All of these explorations I’m doing, in writing, are happening, I believe, because the lovelight vibrations are constantly rising.
This morning (it’s 3:35 am and perfectly still outside) I took what I learned about relaxing yesterday and began to work with it.
Almost immediately, as I breathed into the feeling of relaxing, it began to open up for me. This is entirely new to me.
Just a single breath and a process started inside of me. I know this process (breathwork) and of course it would be associated with relaxing.
In the 2015-2018 period, after my heart opened on March 13, 2015, a single breath could bring up so much love that I’d be in a deep sense of peace – and relaxed. Now that’s happening again.
My fantasy is that the 2015 heart opening gradually closed down, but the rising vibrations have overtaken that event so that I can access love at this moment as easily as I could back then.

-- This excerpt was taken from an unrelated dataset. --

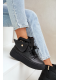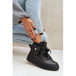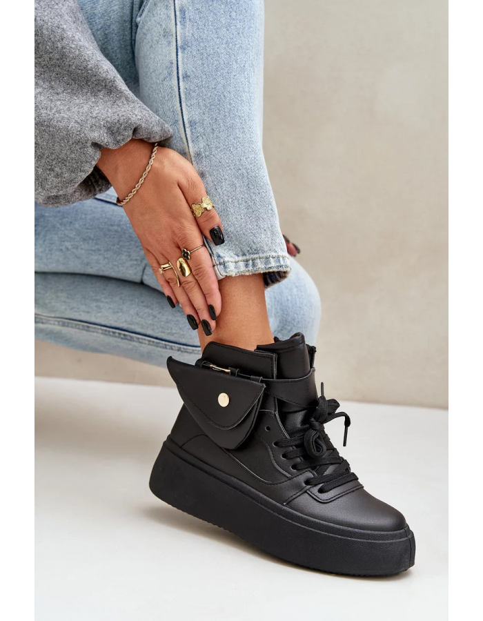 Wysokie sneakersy damskie wykonane z wysokiej jakości eko skóry to połączenie nowoczesnego stylu i wygody. Osadzone na masywnej platformie, zapewniają komfort noszenia oraz dodatkową amortyzację. Cholewka została wzbogacona o małą, odpinaną saszetkę, która nadaje oryginalnego charakteru. Model wyróżnia się zaokrąglonymi noskami oraz klasycznym sznurowaniem, które umożliwia idealne dopasowanie do stopy. Sneakersy świetnie sprawdzą się jako element miejskich stylizacji, dodając im modnego, streetwearowego wyrazu. Idealny wybór dla kobiet ceniących funkcjonalność i niebanalny design! Przy wyborze rozmiaru prosimy kierować się tabelą rozmiarów.

That’s progress.
Just a single breath. This started out as an understanding of the sense of accomplishment. But that’s only one door in to love. It could have been compassion, or feeling a loss, or wanting to help. Any divine quality is a door in to this love, which, along with peace, are the twin objects of all our desires.
You say, no, I have a desire that’s separate. Wait till you experience this love, this peace. All your desires will vanish in it. This is what we’ve always wanted and never knew it. And it’s always been waiting for us, in the heart.